At an online vigil for Griffin, street chaplain and co-founder of Open Table Nashville Lindsey Krinks called for better systems for handling mental health and policing.
“This didn’t have to happen,” Krinks said. “Your social status should not be a death sentence. Your race should not be a death sentence. Your mental health should not be a death sentence. But so often they are.”
In the video, Krinks says more can be done to ensure it doesn’t get to the point where families have to call the police, where things might potentially end in a fatality.
“We do not have the proper systems of care,” Krinks said. “True public safety is not the presence of police. It’s creating societies [and] communities where everyone has what they need.”
In a 911 call around 2 p.m. on May 1, Griffin’s mother can be heard telling dispatchers that Griffin was, “schizophrenic and for about the last hour has been texting me messages that he plans to kill me and other people, and I think it’s something that Davidson County needs to address.”
His mother says on the call that he is armed, but adds that he’s never been violent before.
“I really don’t want the police to kill him, but I don’t want him to kill anyone else either,” she said.
Police spokesperson Don Aaron told reporters that Griffin told officers that he had a gun, but would not surrender it. During the police interaction, officers say they deployed a taser before deploying a gun.
MNPD negotiators and SWAT officers were brought to the scene about an hour into police interaction with Griffin, which began around 3 p.m. Mobile Crisis staff from the Mental Health Co-Op came to the scene and signed emergency committal papers for Griffin at around 5:15 p.m. The Tennessee Bureau of Investigation is investigating the shooting, which was captured on MNPD bodycam footage.

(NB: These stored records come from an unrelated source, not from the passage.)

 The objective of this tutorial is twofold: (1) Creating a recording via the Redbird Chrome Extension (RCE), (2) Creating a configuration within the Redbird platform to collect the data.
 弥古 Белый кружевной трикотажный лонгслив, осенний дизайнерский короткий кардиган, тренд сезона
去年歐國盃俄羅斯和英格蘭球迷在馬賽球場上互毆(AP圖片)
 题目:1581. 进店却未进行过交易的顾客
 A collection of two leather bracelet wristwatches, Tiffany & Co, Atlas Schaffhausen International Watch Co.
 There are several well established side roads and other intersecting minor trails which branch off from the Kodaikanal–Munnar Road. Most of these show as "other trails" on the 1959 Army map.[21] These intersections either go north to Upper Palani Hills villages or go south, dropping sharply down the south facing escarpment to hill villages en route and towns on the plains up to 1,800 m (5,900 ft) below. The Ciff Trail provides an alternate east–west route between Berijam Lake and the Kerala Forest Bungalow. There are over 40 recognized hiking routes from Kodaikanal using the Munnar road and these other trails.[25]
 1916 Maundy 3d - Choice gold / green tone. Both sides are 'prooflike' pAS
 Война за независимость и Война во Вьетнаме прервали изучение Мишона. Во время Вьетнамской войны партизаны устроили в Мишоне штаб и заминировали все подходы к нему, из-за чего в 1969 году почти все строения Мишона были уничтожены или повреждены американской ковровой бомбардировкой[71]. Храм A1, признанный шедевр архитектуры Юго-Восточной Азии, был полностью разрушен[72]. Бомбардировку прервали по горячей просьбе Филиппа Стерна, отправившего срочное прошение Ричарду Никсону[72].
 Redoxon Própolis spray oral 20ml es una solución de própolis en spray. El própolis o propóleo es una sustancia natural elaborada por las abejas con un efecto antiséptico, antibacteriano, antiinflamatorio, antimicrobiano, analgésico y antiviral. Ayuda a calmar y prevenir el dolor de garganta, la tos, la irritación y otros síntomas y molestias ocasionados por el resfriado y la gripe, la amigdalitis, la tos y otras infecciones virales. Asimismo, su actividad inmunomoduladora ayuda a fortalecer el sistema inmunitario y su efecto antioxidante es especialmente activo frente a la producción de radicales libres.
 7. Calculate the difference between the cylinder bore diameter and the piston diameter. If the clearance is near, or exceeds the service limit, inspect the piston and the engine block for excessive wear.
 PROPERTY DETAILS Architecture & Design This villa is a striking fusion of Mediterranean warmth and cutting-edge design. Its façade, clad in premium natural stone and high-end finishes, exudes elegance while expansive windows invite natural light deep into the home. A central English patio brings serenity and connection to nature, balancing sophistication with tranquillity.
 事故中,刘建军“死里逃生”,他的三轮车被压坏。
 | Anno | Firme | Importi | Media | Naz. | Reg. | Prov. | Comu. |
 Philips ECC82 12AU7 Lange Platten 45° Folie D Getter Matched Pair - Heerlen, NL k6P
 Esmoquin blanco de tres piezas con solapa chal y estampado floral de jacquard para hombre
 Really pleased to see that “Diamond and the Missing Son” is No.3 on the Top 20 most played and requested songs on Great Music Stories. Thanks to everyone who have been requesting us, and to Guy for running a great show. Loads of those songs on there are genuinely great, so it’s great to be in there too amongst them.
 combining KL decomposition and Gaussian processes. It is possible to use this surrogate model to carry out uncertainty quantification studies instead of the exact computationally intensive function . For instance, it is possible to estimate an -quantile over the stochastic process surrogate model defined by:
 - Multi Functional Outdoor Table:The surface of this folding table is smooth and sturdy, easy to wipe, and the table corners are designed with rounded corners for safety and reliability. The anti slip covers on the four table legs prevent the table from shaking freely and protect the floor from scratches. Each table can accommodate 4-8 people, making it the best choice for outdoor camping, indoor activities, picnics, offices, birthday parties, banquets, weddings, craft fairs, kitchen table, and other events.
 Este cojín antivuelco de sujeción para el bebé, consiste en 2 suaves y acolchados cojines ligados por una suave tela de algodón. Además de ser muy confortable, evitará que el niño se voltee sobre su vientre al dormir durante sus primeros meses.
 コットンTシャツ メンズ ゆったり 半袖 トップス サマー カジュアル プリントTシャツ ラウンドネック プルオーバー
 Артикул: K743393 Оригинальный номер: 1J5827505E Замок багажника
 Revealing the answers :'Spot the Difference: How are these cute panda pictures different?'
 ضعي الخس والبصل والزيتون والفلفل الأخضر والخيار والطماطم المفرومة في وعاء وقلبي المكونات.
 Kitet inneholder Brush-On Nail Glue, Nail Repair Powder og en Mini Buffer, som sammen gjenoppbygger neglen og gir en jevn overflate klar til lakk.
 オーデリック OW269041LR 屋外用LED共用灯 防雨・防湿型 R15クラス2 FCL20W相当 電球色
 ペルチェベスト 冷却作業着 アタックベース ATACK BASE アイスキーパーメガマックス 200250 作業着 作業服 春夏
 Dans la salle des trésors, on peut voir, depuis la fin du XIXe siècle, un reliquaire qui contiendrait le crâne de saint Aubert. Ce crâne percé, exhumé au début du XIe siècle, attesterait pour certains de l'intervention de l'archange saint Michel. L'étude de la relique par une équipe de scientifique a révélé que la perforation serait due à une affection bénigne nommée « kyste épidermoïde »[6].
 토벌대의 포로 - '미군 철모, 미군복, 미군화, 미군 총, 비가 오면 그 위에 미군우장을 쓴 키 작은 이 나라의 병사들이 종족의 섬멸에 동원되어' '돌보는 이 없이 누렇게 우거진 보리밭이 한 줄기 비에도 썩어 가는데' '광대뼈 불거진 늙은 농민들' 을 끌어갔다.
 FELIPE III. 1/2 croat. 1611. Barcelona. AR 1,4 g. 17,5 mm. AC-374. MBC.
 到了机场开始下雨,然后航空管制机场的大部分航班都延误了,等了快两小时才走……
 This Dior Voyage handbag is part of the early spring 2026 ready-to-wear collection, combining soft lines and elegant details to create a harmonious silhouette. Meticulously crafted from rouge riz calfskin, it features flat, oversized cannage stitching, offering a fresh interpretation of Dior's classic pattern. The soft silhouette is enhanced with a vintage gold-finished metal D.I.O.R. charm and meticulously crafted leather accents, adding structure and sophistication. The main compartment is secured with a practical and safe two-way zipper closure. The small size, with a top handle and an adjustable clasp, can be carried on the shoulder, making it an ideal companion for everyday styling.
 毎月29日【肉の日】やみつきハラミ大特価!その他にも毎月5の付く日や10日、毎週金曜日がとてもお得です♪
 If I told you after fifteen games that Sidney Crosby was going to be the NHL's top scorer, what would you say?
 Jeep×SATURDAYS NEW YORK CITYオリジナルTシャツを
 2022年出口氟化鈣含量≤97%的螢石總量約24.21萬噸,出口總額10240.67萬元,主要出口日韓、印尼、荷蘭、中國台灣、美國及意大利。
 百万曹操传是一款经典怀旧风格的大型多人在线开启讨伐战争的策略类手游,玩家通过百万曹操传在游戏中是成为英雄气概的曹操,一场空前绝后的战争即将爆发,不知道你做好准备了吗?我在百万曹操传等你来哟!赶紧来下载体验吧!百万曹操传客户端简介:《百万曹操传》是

In the video, SWAT officers can be seen standing behind a ballistic shield while talking with Griffin, who can’t be seen on the video. Police say he was holding a pistol just a few feet away. Police say he shot a round from the pistol around 7:20 p.m. He was shot and killed by police shortly after.
“Jacob was a human being,” Open Table Nashville said in a statement. “He needed care. Housing. Employment. He and other Goodwill employees had been 'let go' months before because of a change in management at the store. He was hurting, struggling both mentally and emotionally.”
Open Table Nashville says friends who worked with Griffin called him a “teddy bear.”
“MNPD officers went to the camp after his mom asked them to check on him, and instead of being treated as a human being in need of care, he was treated as a threat to be neutralized,” they said. “When he refused to come out of his tent after hours of 'negotiating,' the officers devised a plan to extract him by using distraction devices, hard foam rounds, and a police dog that viciously attacked Jacob and pinned him to the ground. In the chaos of this violent ‘extraction,’ shots were fired and Jacob was killed.”